Top-Down vs Bottom-Up

Top-Down (Memoisation) Bottom-Up (Tabulation)
Implementation Recursive + cache Iterative + table
Computes Only subproblems that are actually needed All subproblems up to the target
Stack overflow risk Yes (deep recursion) No
Space optimisation Harder Easier (use rolling array)
Ease of coding Often more natural (write recursion, add cache) Requires thinking about iteration order
  • In interviews, top-down is often faster to code.

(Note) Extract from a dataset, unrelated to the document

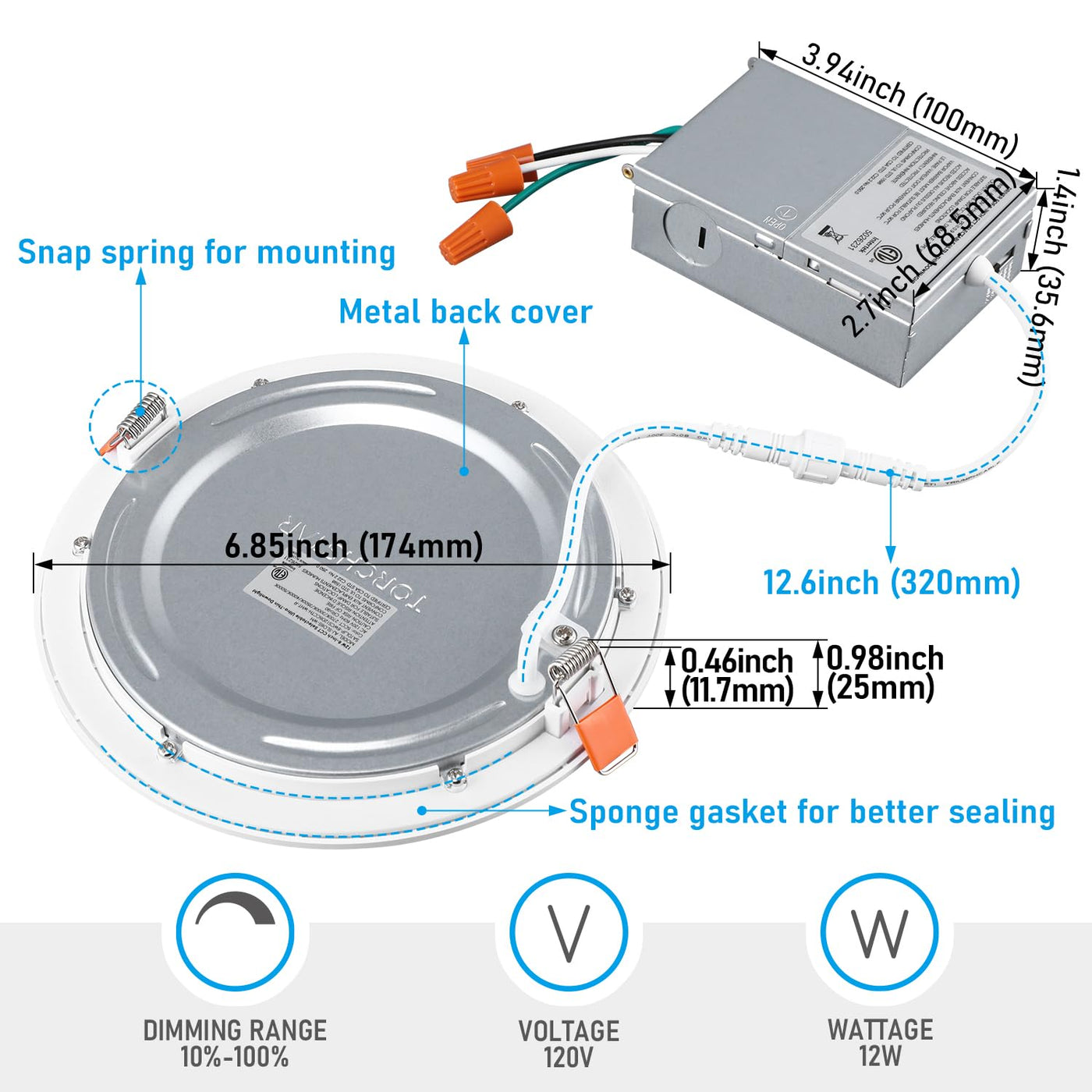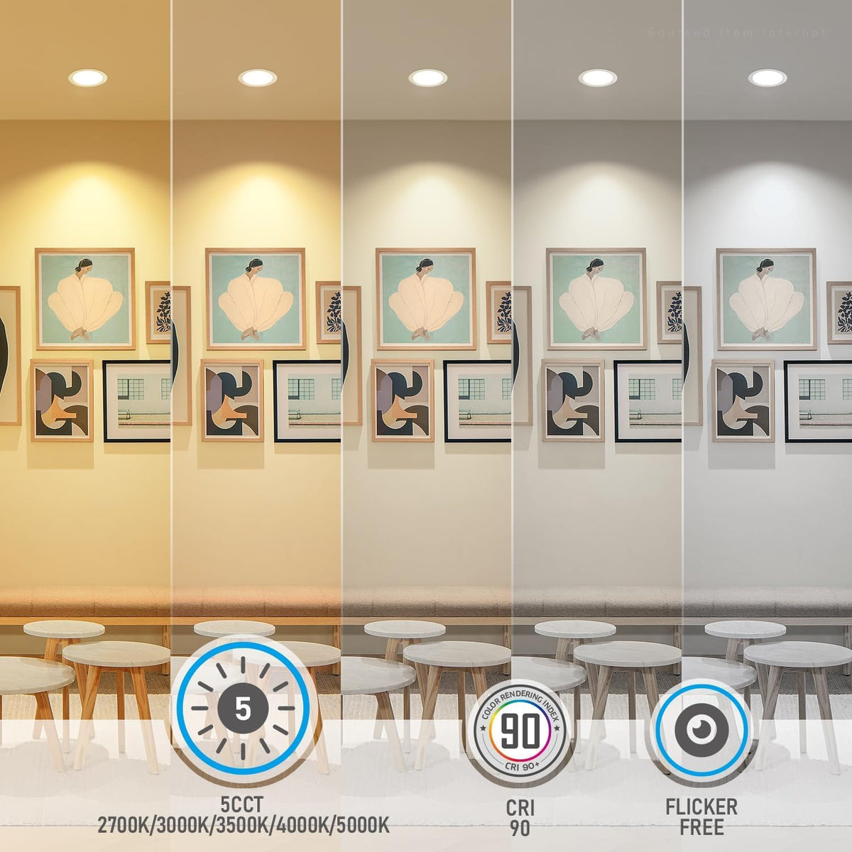 Torchstar 12-Pack 6 Inch 5Cct Ultra-Thin Led Recessed Lighting, Cri 90, 2700K3000K3500K4000K5000K Selectable, 12W Dimmable Slim

In production, bottom-up is usually preferred for performance (no recursion overhead, better cache behaviour).

Common Pitfalls

Pitfall Example Fix
Wrong state definition dp[i] does not capture enough info to make decisions Add dimensions (e.g., dp[i][j] instead of dp[i])
Missing base case dp[0] is wrong → all subsequent values are wrong Verify base case by hand
Wrong iteration order Computing dp[i] before its dependencies Draw the dependency arrows and iterate accordingly
Not initialising dp correctly Using 0 when it should be infinity (for min problems) float('inf') for minimisation, float('-inf') for maximisation
Forgetting to consider "skip" option Always taking the current element The recurrence usually has max(take, skip)
Mutable default argument def f(memo={}) shares cache across calls def f(memo=None): if memo is None: memo = {}
Off-by-one in 2D DP Indexing text1[i] when dp is 1-indexed dp has size (m+1) x (n+1), access text1[i-1]

Putting It All Together

  • These four concepts form a progression:

    1. Big O tells you whether an approach is fast enough.
    2. Recursion breaks problems into subproblems.
    3. Backtracking is recursion + choices + undo, for exhaustive search.
    4. DP is recursion + caching, for optimisation over overlapping subproblems.

  • When you see a new problem:

    • Estimate the input size \(n\). What Big O is acceptable?
    • If the brute force is exponential and the problem asks to enumerate/find configurations: backtracking (with pruning to make it practical).
    • If the brute force is exponential and the problem asks for an optimum or count, and you see overlapping subproblems: DP.
    • If the problem has structure that halves the search space: binary search or divide and conquer.
    • If the problem is on sequences with a constraint on subarrays: sliding window or two pointers.
    • If the problem needs fast lookups: hash map.

  • The remaining files in this chapter apply these ideas to specific data structures and patterns.